**DATA FOR THIS EXERCISE:**
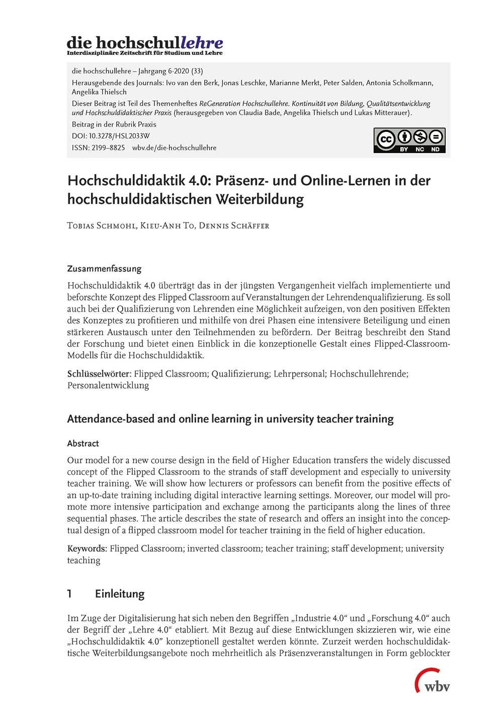 Schmohl, T., To, K.-A. & Schäffer, D. (2020). Hochschuldidaktik 4.0: Präsenz- und Online-Lernen in der hochschuldidaktischen Weiterbildung. die hochschullehre, Jahrgang 6/2020. DOI: 10.3278/HSL2033W
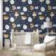 Little Fox Niedlich Moon Stars Kindermuster Tapete
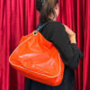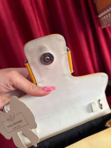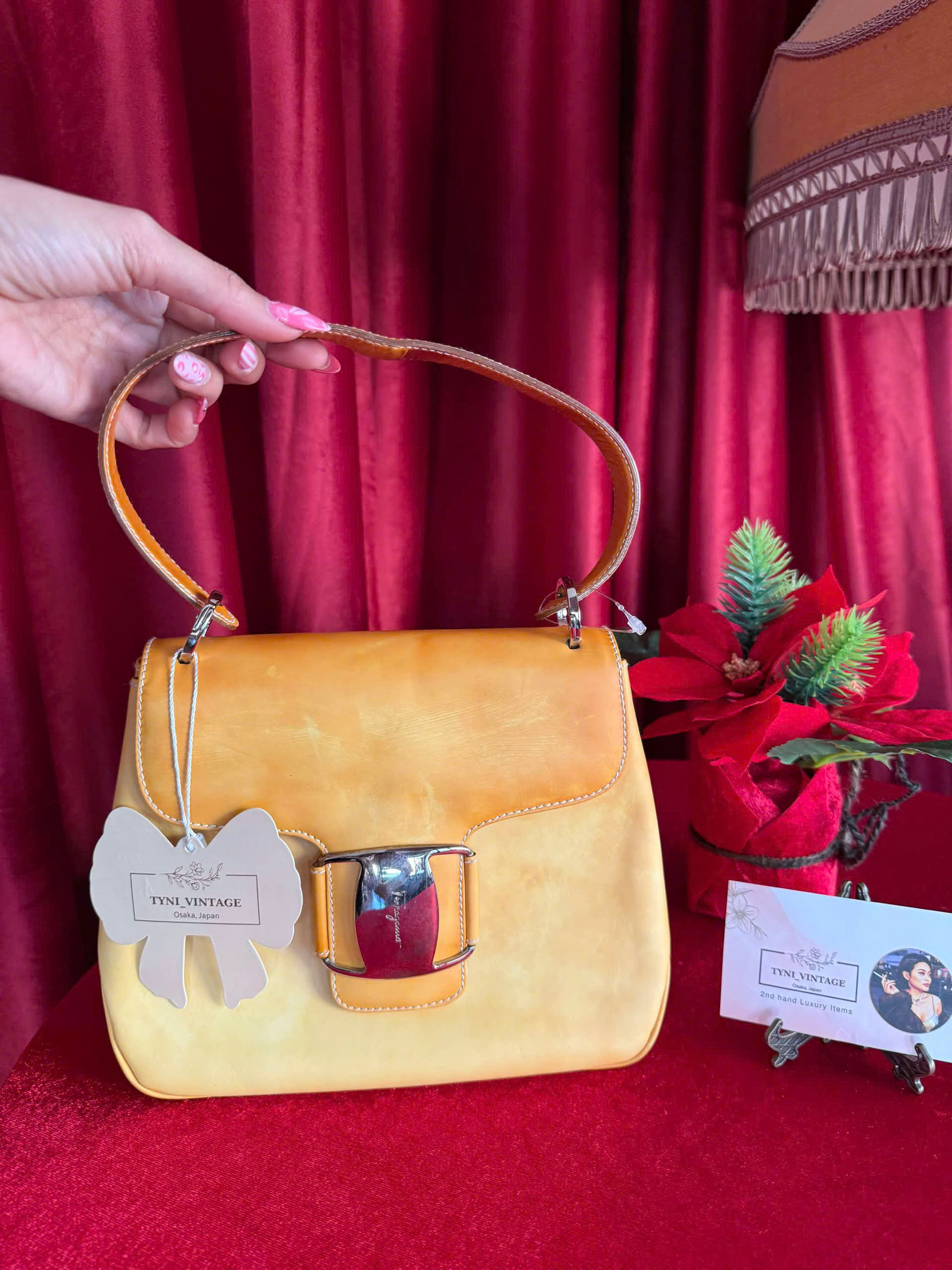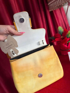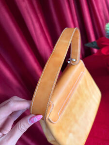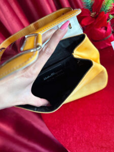 This vintage yellow leather handbag exudes elegance and sophistication with its structured silhouette and high-quality craftsmanship. The bag features a smooth, slightly aged leather surface that enhances its classic charm.
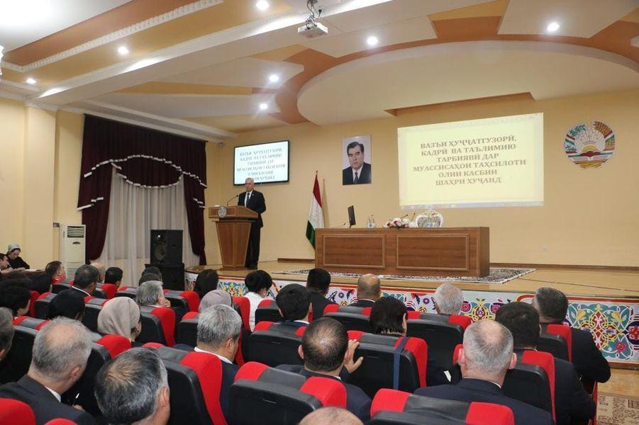 Нахуст вазири маориф ва илм аз дастгириҳои пайвастаи Асосгузори сулҳу ваҳдати миллӣ - Пешвои миллат, Президенти Ҷумҳурии Тоҷикистон муҳтарам Эмомалӣ Раҳмон ёдовар шуда, таъкид намуд, ки омода намудани мутахассисони баландихтисос яке аз вазифаҳои асосие мебошад, ки Пешвои муаззами миллат дар назди мо гузоштаанд. Аз ин рӯ, ин масъала пайваста мавриди таваҷҷуҳи Вазорати маориф ва илм қарор дорад. Маҳз ба ҳамин хотир мо тасмим гирифтем, ки дар ин ҷаласа вазъи иҷрои стратегия ва барномаҳои давлатӣ, қарорҳои ҳайати мушовараи Вазорати маориф ва илм, ҳуҷҷатгузорӣ, вазъи кадрӣ ва таълимию тарбиявии муассисаҳои таҳсилоти олии касбии воқеъ дар шаҳри Хуҷандро мавриди таҳлилу натиҷагирӣ карор диҳем.
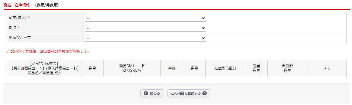 「在庫引当区分」「メモ」欄を設定して、【SKU商品の再設定】ボタンをクリックすることで登録されます。
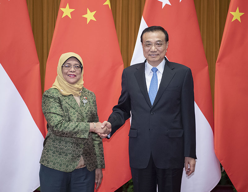 李克强表示,中国和新加坡隔海相望,两国在相互尊重、平等合作、互利共赢基础上发展了良好关系,给两国人民带来福祉。新加坡是个多元文明构成的社会。昨天,习近平主席同总统女士举行了富有成果的会见,展望了两国关系广阔前景。中方愿同新方发挥各自优势,保持良好合作势头,继续挖掘合作潜力,将“一带一路”倡议同新方发展战略相衔接,推动中国西部地区和新加坡对接,扎实推进“陆海新通道”、第三方市场、智慧城市、技能培训等领域合作。希望双方推进文明和文化的交流,密切人员往来,夯实两国友好的民意基础,促进双边关系继续向前发展。中方愿同新方共同应对全球性挑战,为世界和地区的和平稳定发展作出贡献。
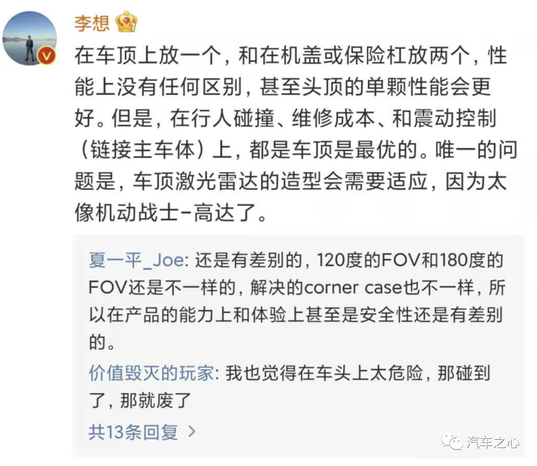 照片公开后,引来了理想汽车CEO李想的围观,李想认为车顶布置激光雷达才是最优解,而集度汽车CEO夏一平则认为,激光雷达在车顶布置和两侧布置所解决的问题、产品能力和安全性都有所差别。

**WORK TO BE COMPLETED:** Give back exactly the run of lines that opens the material above and ends at the line with "Little Fox Niedlich". Omit the pictures.

**WRITTEN SOLUTION:**
 Schmohl, T., To, K.-A. & Schäffer, D. (2020). Hochschuldidaktik 4.0: Präsenz- und Online-Lernen in der hochschuldidaktischen Weiterbildung. die hochschullehre, Jahrgang 6/2020. DOI: 10.3278/HSL2033W
 Little Fox Niedlich Moon Stars Kindermuster Tapete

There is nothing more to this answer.